Each year, Mike sets aside a portion of his cheeses to become Pleasant Ridge Reserve Extra Aged, a 12 to 18 month old incarnation of the original. This extra aged cheese takes on a completely different character than regular Pleasant Ridge, which is aged for just 6 to 8 months before it is released for sale. The extra aged cheese is rife with spicy, salty, nutty, and caramelized notes, where the younger cheese is sweeter, grassier and more sprightly. Basically, the longer the cheese sits in the cave, being bathed with brine and lovingly turned, the stronger and more concentrated its flavors become. It's kind of like adolescent Pleasant Ridge meets old grandpappy Pleasant Ridge. Not quite a WWF Smackdown, but an interesting comparison nonetheless! Right now in the cheese cave at Saxelby Cheesemongers, we've got a bit of both, but are down to the last batch of the grandpappy, which was made in the late summer of 2006.

So come on over and have two bites! Whichever way your taste vote ends up swinging, you're sure to see what a difference a year makes when it comes to aging cheese.

Monday, February 18, 2008

Fresh Curd's the Word!

This Week at Saxelby Cheesemongers

Fresh curd's the word! This week we're rolling out the welcome wagon for two new fresh cheeses, Champlain Valley Organic Cream Cheese and Hawthorne Valley Quark.

I ask you, this bright and shiny Monday, when was the last time you had a good bagel and cream cheese? I can confidently answer for myself that it was yesterday, Sunday, when I took a trip up to the venerable establishment called David's Bagels on First Avenue and 13th street.

Lower East Side sacrelige aside (sorry Kossar's! I just wasn't in the hood!) it got me thinking... the New York bagel and cream cheese institution is sacred and delicate matter, not to be tousled and rocked about on the waves of change, trends, what have you. Each of us has our bagel rituals, favorite spots, favorite flavors, favorite schmears, etc. Different strokes for different folks, and so on and so on... as Sly and the Family Stone so succinctly put it.

That being said, I would like to propose to you a Green Mountain twist to your bagel and cream cheese regimen, coming from Champlain Valley Creamery in Vergennes, Vermont. Carlton Yoder, resident cheese maker extraordinaire, has been lovingly ladling the curd for his organic cream cheese for years now. Made from the milk of a neighboring farm with a mixed herd of Jersey and Holstein cows, his Champlain Valley Cream Cheese is pure butterfatty spreadable goodness. The cream cheese is rich and dense, with a stiff texture and delightfully tangy snap of flavor. I dare say that with the debut of this Vermonter, old Philadelphia has met its match.

And if that weren't enough to get the old tastebuds up and running, perhaps a spoonful of Hawthorne Valley Quark might do the trick? Hawthorne Valley is a 400 acre biodynamic farm upstate New York that is home to a herd of stoic Brown Swiss cows.
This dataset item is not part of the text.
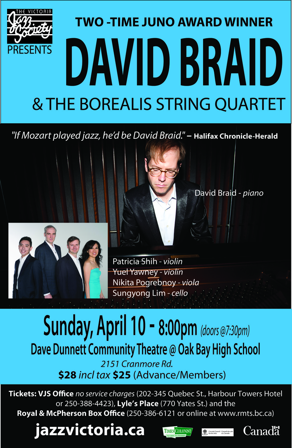 David Braid & The Borealis String Quartet: David Braid & The Borealis String Quartet @ Oak Bay High Theatre Apr 10 2016 - Feb 8th @ Oak Bay High Theatre

Quark, a traditional fresh European cheese, comes from the Slavic word 'tvarog' which means, simply, curd. However, much like an international spy, Quark has many other glamorous aliases depending on the country in which it resides... including pot cheese, white cheese, foamy milk, or thick milk. A beautiful yet simple fresh cheese, Quark's uses are pretty much endless. It is phenomenal as a base for any herbed or veggie dip, makes a mean cheesecake or quiche, or holds its own with a bit of fresh fruit or honey stirred into the mix.

These cheeses are so fresh you could slap 'em. 'Could' being the operative word there.